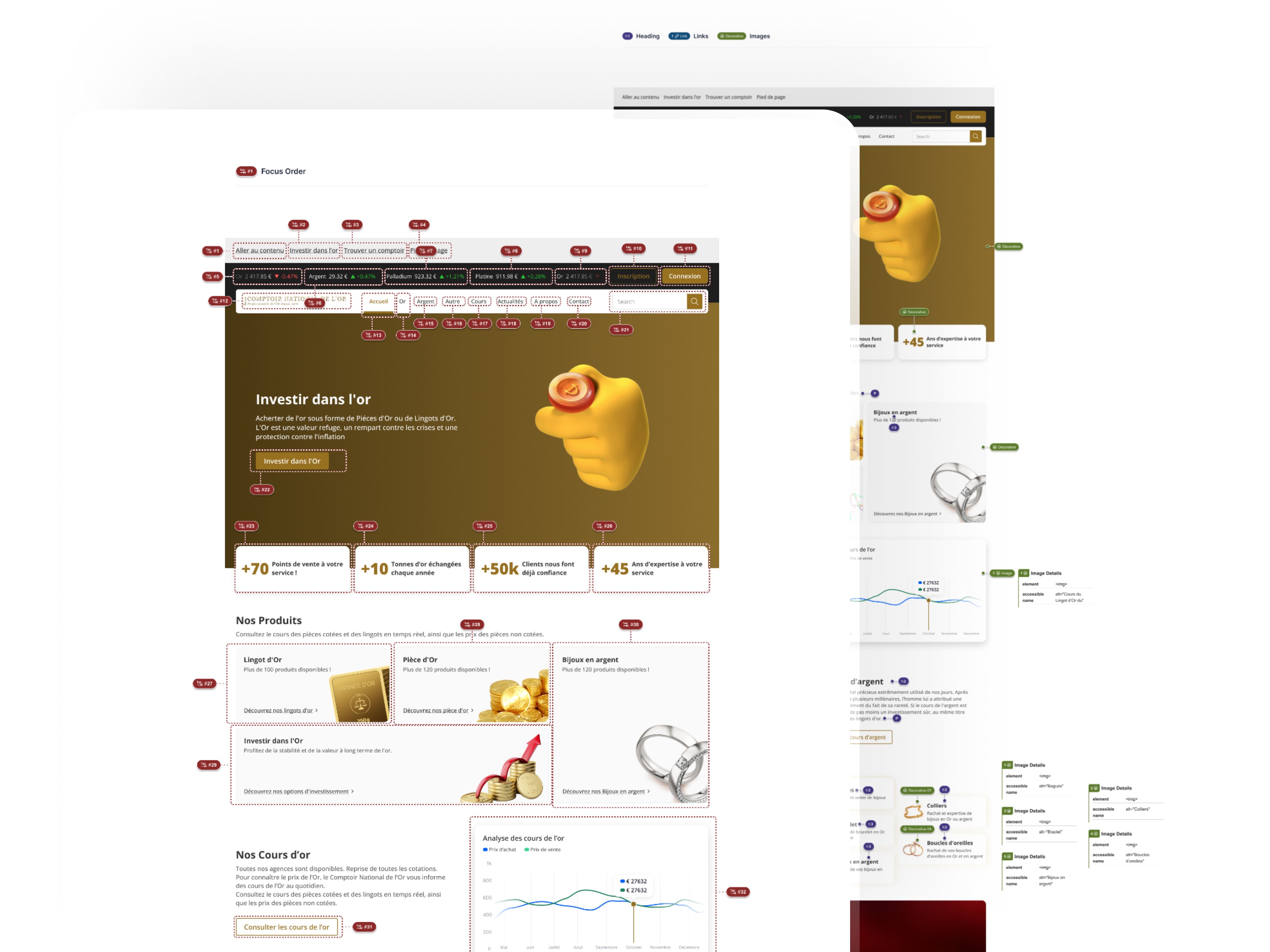 Accessibility audit: We began by conducting a comprehensive accessibility audit of the Gold.fr website. This audit evaluated the site's compliance with WCAG standards and identified areas for improvement using Colour Contrast Analyser, HeadingsMap, Fonts Ninja
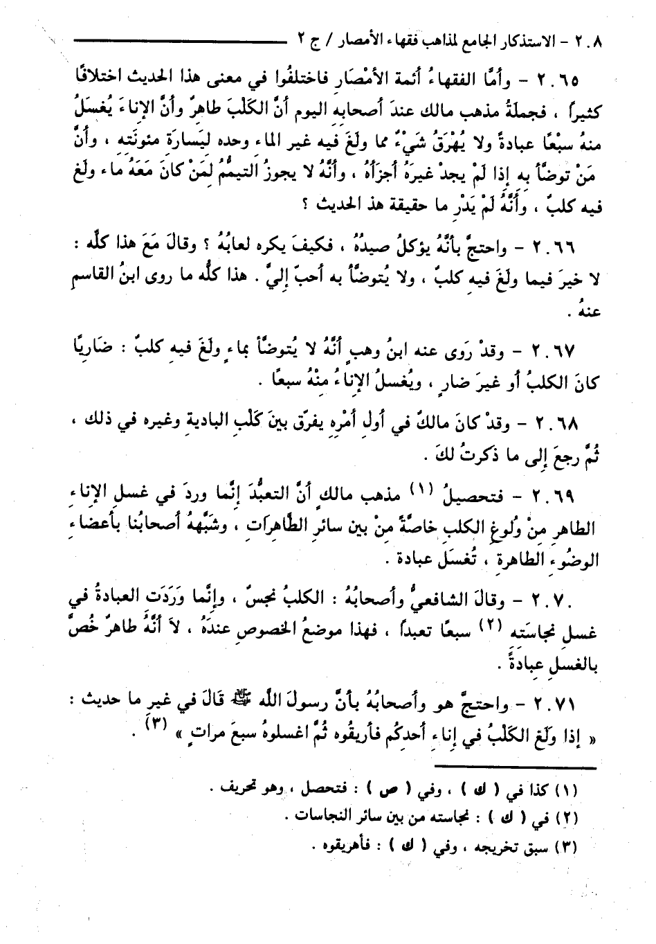 2065 - وَأَمَّا الْفُقَهَاءُ أَئِمَّةُ الْأَمْصَارِ فَاخْتَلَفُوا فِي مَعْنَى هَذَا الْحَدِيثِ اخْتِلَافًا كَثِيرًا، فَجُمْلَةُ مَذْهَبِ مَالِكٍ عِنْدَ أَصْحَابِهِ الْيَوْمَ أَنَّ الْكَلْبَ طَاهِرٌ وَأَنَّ الْإِنَاءَ يُغْسَلُ مِنْهُ سَبْعًا عِبَادَةً وَلَا يُهْرَقُ شَيْءٌ مِمَّا وَلَغَ فِيهِ غَيْرَ الْمَاءِ وَحْدَهُ لِيَسَارَةِ مَئُونَتِهِ، وَأَنَّ مَنْ تَوَضَّأَ بِهِ إِذَا لَمْ يَجِدْ غَيْرَهُ أَجْزَأَهُ، وَأَنَّهُ لَا يَجُوزُ التَّيَمُّمُ لِمَنْ كَانَ مَعَهُ مَاءٌ وَلَغَ فِيهِ كَلْبٌ، وَأَنَّهُ لَمْ يَدْرِ مَا حَقِيقَةُ هَذَا الْحَدِيثِ ؟.
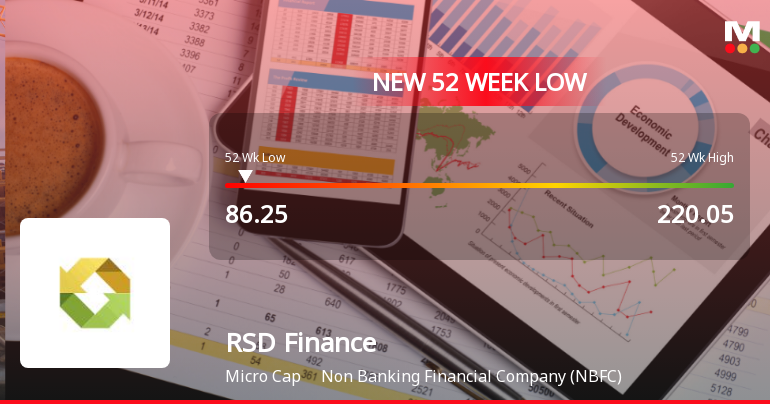 RSD Finance’s share price has been under pressure for the past two days, cumulatively falling by 8.13%. Despite opening the day with a positive gap of 4.07%, the stock failed to sustain gains and touched an intraday low of ₹86.25, marking a fresh 52-week low. The wide intraday trading range of ₹13.65 and an intraday volatility of 7.33% underscore the heightened uncertainty and selling pressure among investors. Notably, the weighted average price indicates that a larger volume of shares traded closer to the day’s low, signalling stronger bearish sentiment throughout the session.
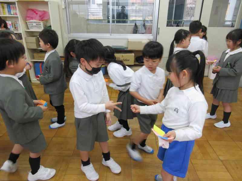 また、コミュニケーションタイムとして「カラフルカード集め」を行いました。カード交換をするなかで、自分の名前や好きな食べ物、スポーツなどお互いのことを伝え合いました。
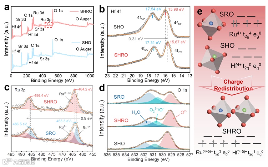 图 3. SHRO 的电子结构变化和电荷重新分布。a) SHRO 和 SHO 的XPS总能谱。b) SHO 和 SHRO 的 Hf 4f能谱图。c) SHRO 和 SRO 的 Ru 3p能谱图。d) SHO、SHRO 和 SRO 的 O 1s 能谱图。
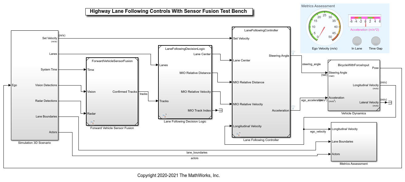 Автоматизированный маршрут после и маневры изменения маршрута помогают автономным транспортным средствам выбирать маршруты и перемещаться вдоль пути без коллизий, чтобы достигнуть места назначения. Вы можете смоделировать маршрут после или систему маневра изменения маршрута путем интеграции обнаружения маршрута, cочетания датчиков, логики решения, и управляете методами. Далее, можно выполнить генерацию кода и software-the цикл (SIL) валидация моделей для того, чтобы удовлетворить требованиям в реальном времени. Эти примеры показывают, как спроектировать, протестировать, и выполнить валидацию SIL маршрута после и моделей изменения маршрута для магистрали ведущие сценарии.
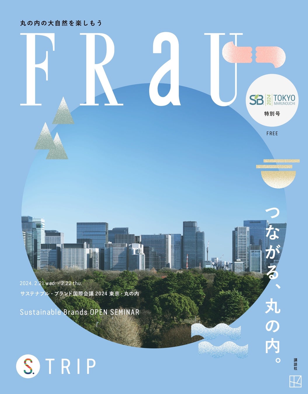 今回、OPEN SEMINAR & EXHIBITIONを企画するにあたり、「SB ‘24 東京・丸の内」のメディアパートナーであるFRaU(講談社 刊行)とコラボレーションし、OPEN SEMINAR& EXHIBITIONの企画と、丸の内エリアのサステナビリティの取組を紹介する『FRaU S-TRIP』特別号を発行いたしました。
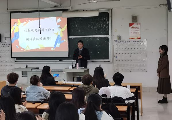 为了使员工掌握的知识和习得的技能能真正满足职业岗位的实际需要,解决理论脱离实际的问题,口译教学团队策划“一线口译员进校园”系列活动,以岗位能力培养作为培养目标,突出英语口译课程的职业定向性,强化课程教学的真实性,进一步助力应用型翻译人才培养。口译教学团队邀请福州市外办翻译员陈瑶及宋晗阳女士参与《英语口译2》的课堂教学,并在第二课堂开设面向全院的讲座《浅谈外事礼宾礼仪与地方外事活动译员角色的动态性》。
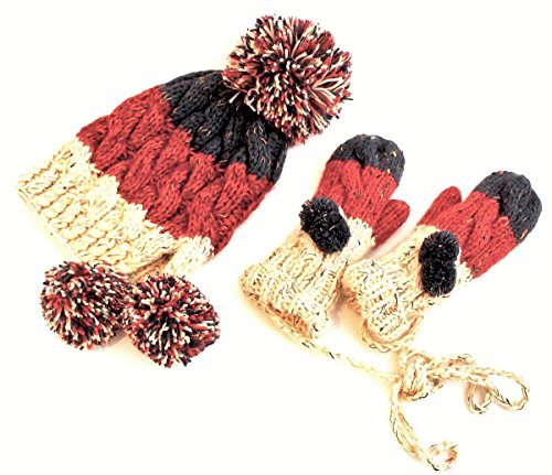 -. Title : ボンボン付ワッチ&ミトンのセット 手編みニット 3色ボーダー ケーブル シロコ風 フリース付ミトン
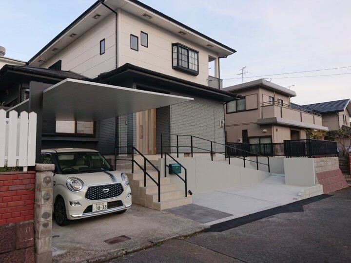新しく駐車場スペースを確保しスロープを計画。将来の不安もなくなりました。
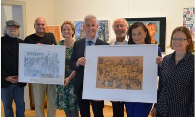 Bei der Übergabe der Haggadah im Kunsthaus Leer: Die Künstler Daniel Jelin (v. l.), Ricardo Fuhrmann, Susanne Bracht, Leiterin der Ehemaligen Jüdischen Schule, Landrat Matthias Groote,...
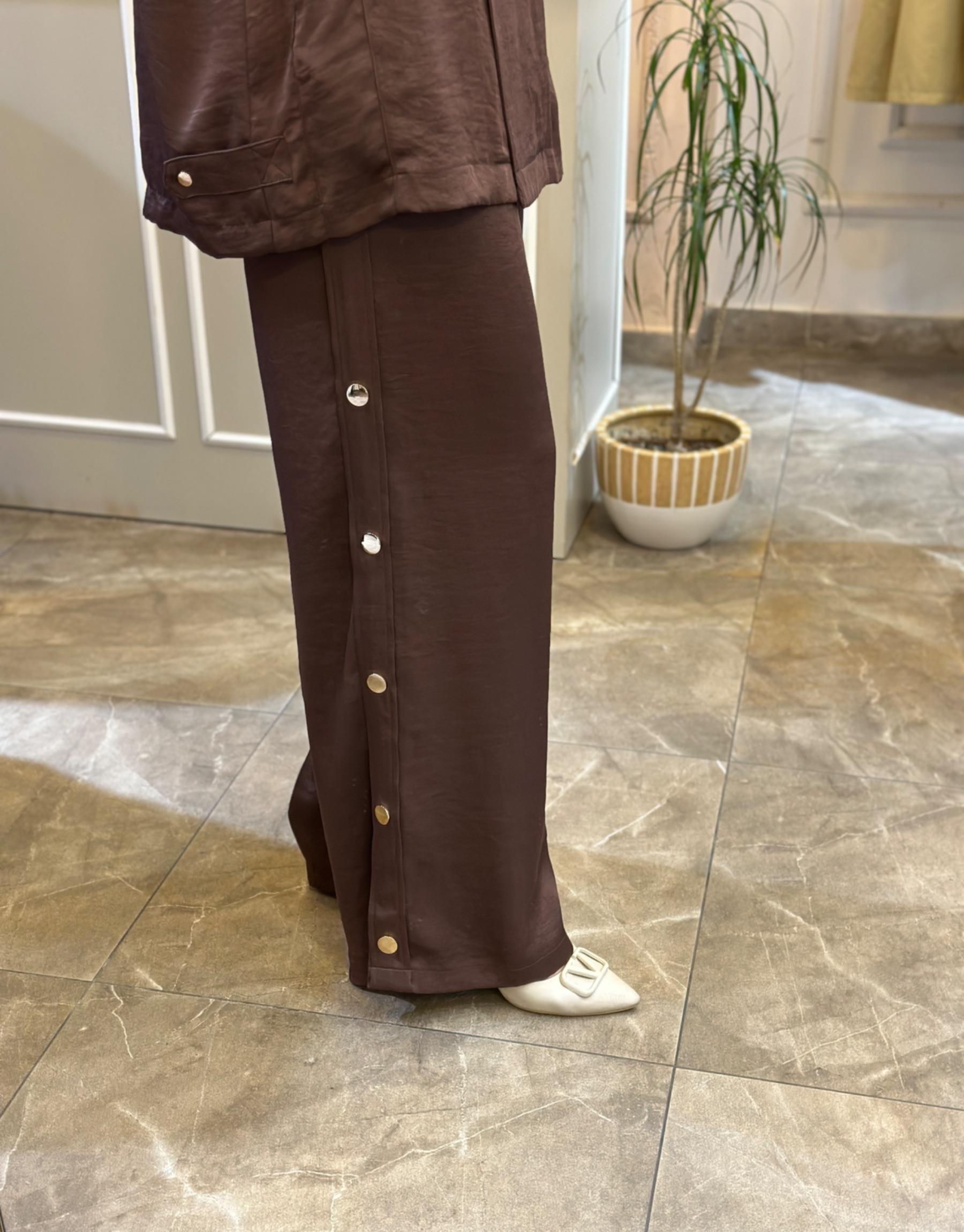 SENTEZ Titan Paça Pile Düğmeli Rahat Pantolon Kahve
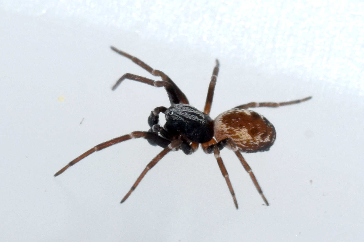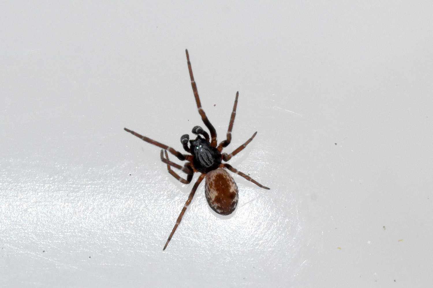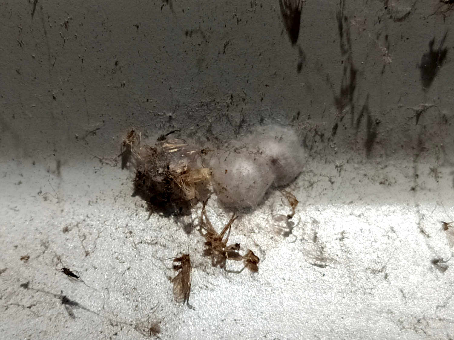 Las paredes tienen un aspecto moteado de manchas oscuras por las telarañas de B. civica. Y aquellas paredes con mucha presencia tienen un aspecto sucio y descuidado. La telaraña es plana, irregular y tupida detrás de la cual se esconde la araña. La telaraña es sucia, ya que se encuentra llena de presas y polvo que se va acumulando. Ahora bien, existen otras especies que construyen una telaraña similar sobre paredes como es el caso de Oecobius navus de la que di cuenta en hace unos años en una entrada [3]. Esta araña es de un tamaño similar a B. civica. Hay que apuntar que sobre una misma pared podemos encontrar ambas especies conviviendo.

** The task **
Repeat every record precisely. Any picture among them stays out of the copy.

** Your response **
 Accessibility audit: We began by conducting a comprehensive accessibility audit of the Gold.fr website. This audit evaluated the site's compliance with WCAG standards and identified areas for improvement using Colour Contrast Analyser, HeadingsMap, Fonts Ninja
 2065 - وَأَمَّا الْفُقَهَاءُ أَئِمَّةُ الْأَمْصَارِ فَاخْتَلَفُوا فِي مَعْنَى هَذَا الْحَدِيثِ اخْتِلَافًا كَثِيرًا، فَجُمْلَةُ مَذْهَبِ مَالِكٍ عِنْدَ أَصْحَابِهِ الْيَوْمَ أَنَّ الْكَلْبَ طَاهِرٌ وَأَنَّ الْإِنَاءَ يُغْسَلُ مِنْهُ سَبْعًا عِبَادَةً وَلَا يُهْرَقُ شَيْءٌ مِمَّا وَلَغَ فِيهِ غَيْرَ الْمَاءِ وَحْدَهُ لِيَسَارَةِ مَئُونَتِهِ، وَأَنَّ مَنْ تَوَضَّأَ بِهِ إِذَا لَمْ يَجِدْ غَيْرَهُ أَجْزَأَهُ، وَأَنَّهُ لَا يَجُوزُ التَّيَمُّمُ لِمَنْ كَانَ مَعَهُ مَاءٌ وَلَغَ فِيهِ كَلْبٌ، وَأَنَّهُ لَمْ يَدْرِ مَا حَقِيقَةُ هَذَا الْحَدِيثِ ؟.
 RSD Finance’s share price has been under pressure for the past two days, cumulatively falling by 8.13%. Despite opening the day with a positive gap of 4.07%, the stock failed to sustain gains and touched an intraday low of ₹86.25, marking a fresh 52-week low. The wide intraday trading range of ₹13.65 and an intraday volatility of 7.33% underscore the heightened uncertainty and selling pressure among investors. Notably, the weighted average price indicates that a larger volume of shares traded closer to the day’s low, signalling stronger bearish sentiment throughout the session.
 また、コミュニケーションタイムとして「カラフルカード集め」を行いました。カード交換をするなかで、自分の名前や好きな食べ物、スポーツなどお互いのことを伝え合いました。
 图 3. SHRO 的电子结构变化和电荷重新分布。a) SHRO 和 SHO 的XPS总能谱。b) SHO 和 SHRO 的 Hf 4f能谱图。c) SHRO 和 SRO 的 Ru 3p能谱图。d) SHO、SHRO 和 SRO 的 O 1s 能谱图。
 Автоматизированный маршрут после и маневры изменения маршрута помогают автономным транспортным средствам выбирать маршруты и перемещаться вдоль пути без коллизий, чтобы достигнуть места назначения. Вы можете смоделировать маршрут после или систему маневра изменения маршрута путем интеграции обнаружения маршрута, cочетания датчиков, логики решения, и управляете методами. Далее, можно выполнить генерацию кода и software-the цикл (SIL) валидация моделей для того, чтобы удовлетворить требованиям в реальном времени. Эти примеры показывают, как спроектировать, протестировать, и выполнить валидацию SIL маршрута после и моделей изменения маршрута для магистрали ведущие сценарии.
 今回、OPEN SEMINAR & EXHIBITIONを企画するにあたり、「SB ‘24 東京・丸の内」のメディアパートナーであるFRaU(講談社 刊行)とコラボレーションし、OPEN SEMINAR& EXHIBITIONの企画と、丸の内エリアのサステナビリティの取組を紹介する『FRaU S-TRIP』特別号を発行いたしました。
 为了使员工掌握的知识和习得的技能能真正满足职业岗位的实际需要,解决理论脱离实际的问题,口译教学团队策划“一线口译员进校园”系列活动,以岗位能力培养作为培养目标,突出英语口译课程的职业定向性,强化课程教学的真实性,进一步助力应用型翻译人才培养。口译教学团队邀请福州市外办翻译员陈瑶及宋晗阳女士参与《英语口译2》的课堂教学,并在第二课堂开设面向全院的讲座《浅谈外事礼宾礼仪与地方外事活动译员角色的动态性》。
 -. Title : ボンボン付ワッチ&ミトンのセット 手編みニット 3色ボーダー ケーブル シロコ風 フリース付ミトン
新しく駐車場スペースを確保しスロープを計画。将来の不安もなくなりました。
 Bei der Übergabe der Haggadah im Kunsthaus Leer: Die Künstler Daniel Jelin (v. l.), Ricardo Fuhrmann, Susanne Bracht, Leiterin der Ehemaligen Jüdischen Schule, Landrat Matthias Groote,...
 SENTEZ Titan Paça Pile Düğmeli Rahat Pantolon Kahve
 Las paredes tienen un aspecto moteado de manchas oscuras por las telarañas de B. civica. Y aquellas paredes con mucha presencia tienen un aspecto sucio y descuidado. La telaraña es plana, irregular y tupida detrás de la cual se esconde la araña. La telaraña es sucia, ya que se encuentra llena de presas y polvo que se va acumulando. Ahora bien, existen otras especies que construyen una telaraña similar sobre paredes como es el caso de Oecobius navus de la que di cuenta en hace unos años en una entrada [3]. Esta araña es de un tamaño similar a B. civica. Hay que apuntar que sobre una misma pared podemos encontrar ambas especies conviviendo.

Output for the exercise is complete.